* [What you have to do] Please set down the lines of the listing exactly, from its first line to the line with "Mit dem jeweils", leaving the pictures out.

* [Collected data]
▼

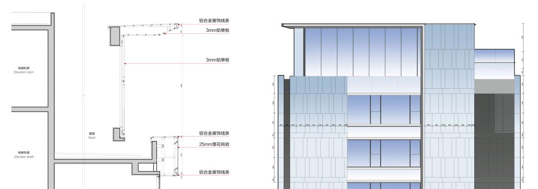 在不突破限高的基礎上,通過頂層設置構架,以折板的語言將外立面幕墻延伸到設備層,將電梯機房隱藏到了立面的背后。
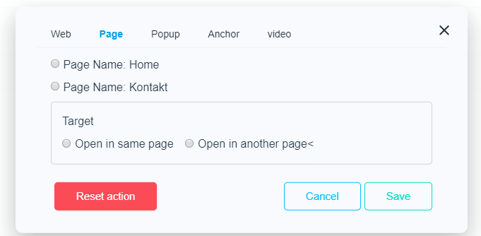 Mit dem jeweils ersten Symbol können wir die Links festlegen – ob du auf externe Webseiten verlinken willst oder auf interne Seiten (Page) – oder auch auf Anker (Anchor) – und auch, ob die Seite im gleichen Fenster oder einem neuen geöffnet werden soll:
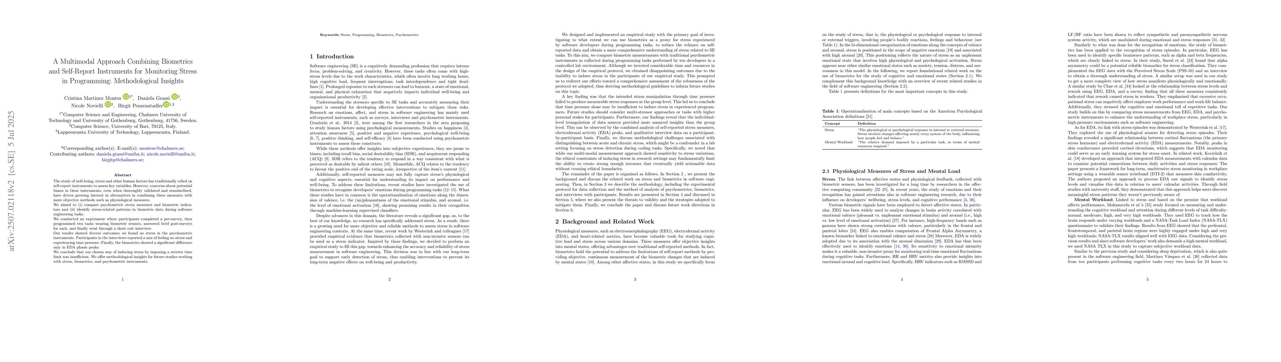 The study of well-being, stress and other human factors has traditionally relied on self-report instruments to assess key variables. However, concerns about potential biases in these instruments, even when thoroughly validated and standardised, have driven growing interest in alternatives in combining these measures with more objective methods, such as physiological measures. We aimed to (i) compare psychometric stress measures and biometric indicators and (ii) identify stress-related patterns in biometric data during software engineering tasks. We conducted an experiment where participants completed a pre-survey, then programmed two tasks wearing biometric sensors, answered brief post-surveys for each, and finally went through a short exit interview. Our results showed diverse outcomes; we found no stress in the psychometric instruments. Participants in the interviews reported a mix of feeling no stress and experiencing time pressure. Finally, the biometrics showed a significant difference only in EDA phasic peaks. We conclude that our chosen way of inducing stress by imposing a stricter time limit was insufficient. We offer methodological insights for future studies working with stress, biometrics, and psychometric instruments.
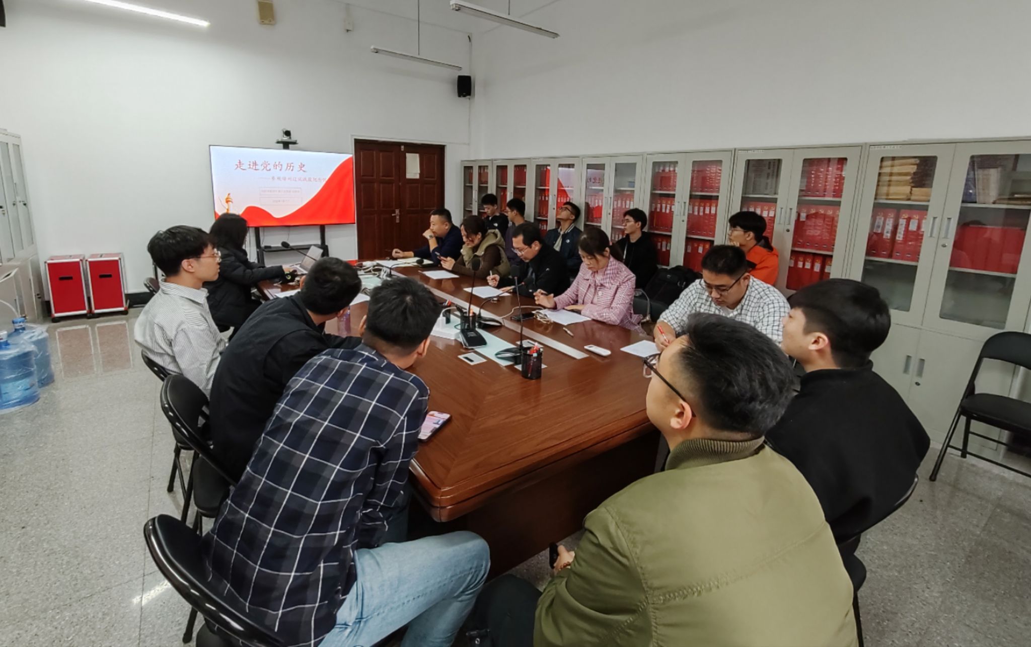 党委书记田国胜、副处级组织员王宇、学生党支部书记李莹、组织员郭思瑶、研究生兼职辅导员李昊同学。

▲

* [Answer to the problem]
 在不突破限高的基礎上,通過頂層設置構架,以折板的語言將外立面幕墻延伸到設備層,將電梯機房隱藏到了立面的背后。
 Mit dem jeweils ersten Symbol können wir die Links festlegen – ob du auf externe Webseiten verlinken willst oder auf interne Seiten (Page) – oder auch auf Anker (Anchor) – und auch, ob die Seite im gleichen Fenster oder einem neuen geöffnet werden soll:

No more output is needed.